“Now, Miss Panney,” said Phoebe, speaking very earnestly, but in a low voice, “I can’t say that I can really give you the true head and tail of it, for it’s mighty hard to find out what did happen to that young gal. All I know is that she didn’t come down to breakfast, and that Mr. Haverley went up to her room hisself, and he knocked and he knocked, and then he pushed the door open and went in, and, bless my soul, Miss Panney, she wasn’t there. Then he hollered, and me and him, we sarched and sarched the house. He went up into the garret by hisself, for you may be sure I wouldn’t go there, but he was just wild, and didn’t care where he went, and there he found her dead asleep on the floor, and a livin’ skeleton a sittin’ watchin’ her.”
“Nonsense!” exclaimed Miss Panney; “he never told you that.”
“That’s the pint of what I got out of him, and you know, Miss Panney, that that garret’s hanted.”
Miss Panney wasted no words in attempting to disprove this assertion.
“He found her asleep on the floor?” said she.
“Yes, Miss Panney,” answered Phoebe, “dead asleep, or more likely, to my mind, in a dead faint, among all the drafts and chills of that garret, and in her stockin’ feet. She had tuk up a candle with her, but I’spect the skeleton blowed it out. And now she’s got an awful cold, so she can scarcely breathe, and a fever hot enough to roast an egg.”
At this moment Ralph appeared in the hall. The visitor immediately went up to him.
“Mr. Haverley, I suppose. I am Miss Panney. I am a neighbor, and I came to see if I could do anything for your sister before the doctor arrives. I am a good nurse, and know all about sicknesses;” and she explained why she had come and the doctor had not.
When Miriam turned her head and saw the black eyes of Miss Panney gazing down upon her, she pushed herself back in the bed, and exclaimed,—
“Are you his wife?”
“No, indeed,” said Miss Panney, “I wouldn’t marry him for a thousand pounds.

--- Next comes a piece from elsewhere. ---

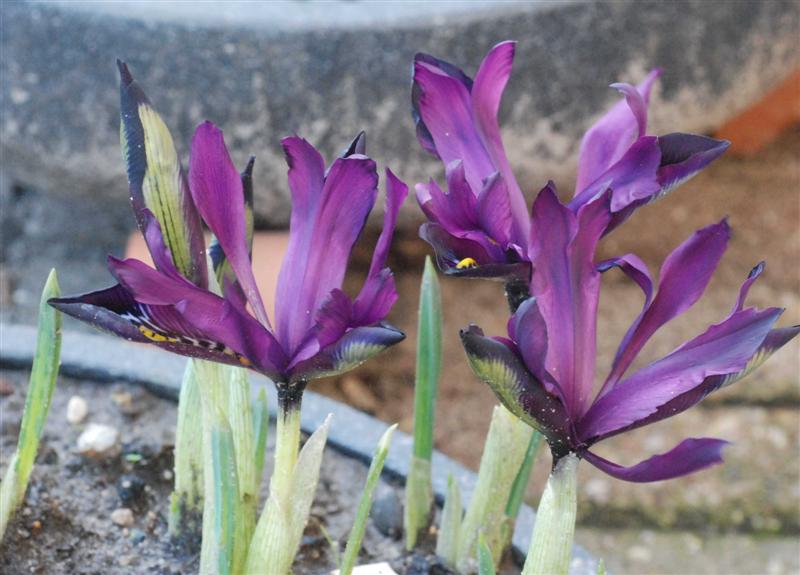 Nicht im warmen Spanien sondern im nasskalten Holland und zwar draussen in einer grossen Schale auf der Terrasse:Iris ret. 'Harmonie' :DSie blüht schon ein paar Tage.

I am your nurse. I am going to give you something nice to make you feel better. Put your hand in mine. There, that will do. Keep yourself covered up, even if you are a little warm, and I will come back presently with the nicest kind of a cup of tea.”

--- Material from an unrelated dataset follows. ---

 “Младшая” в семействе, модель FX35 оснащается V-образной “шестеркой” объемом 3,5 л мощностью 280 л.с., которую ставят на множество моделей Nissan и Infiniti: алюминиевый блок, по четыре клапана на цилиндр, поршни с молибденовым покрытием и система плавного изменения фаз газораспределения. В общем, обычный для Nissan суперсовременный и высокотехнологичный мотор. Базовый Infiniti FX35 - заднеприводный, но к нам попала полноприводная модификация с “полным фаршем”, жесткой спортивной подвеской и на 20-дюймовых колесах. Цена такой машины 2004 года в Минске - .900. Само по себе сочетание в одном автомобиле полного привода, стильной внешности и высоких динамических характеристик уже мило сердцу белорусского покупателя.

“It’s a cold and a fever,” she said to Ralph, outside the chamber door. “The commonest thing in the world. But I’ll make her a hot drink that will do her more good than anything else that could be given her, and when the doctor comes, he’ll tell you so. He knows me, and what I can do for sick people. I brought everything that’s needed in my bag, and I am going down to the kitchen myself. But how in the world did she come to stay on the garret floor all night? She couldn’t have been in a swoon all that time.”
“No,” answered Ralph; “she told me she came to her senses, she didn’t know when, but that everything was pitch dark about her, and feeling dreadfully tired and weak, she put her head down on her arm, and tried to think why she was lying on such a hard floor, and then she must have dropped into the heavy sleep in which I found her. She was tired out with her journey and the excitement. Do you think she is in danger, Miss Panney?”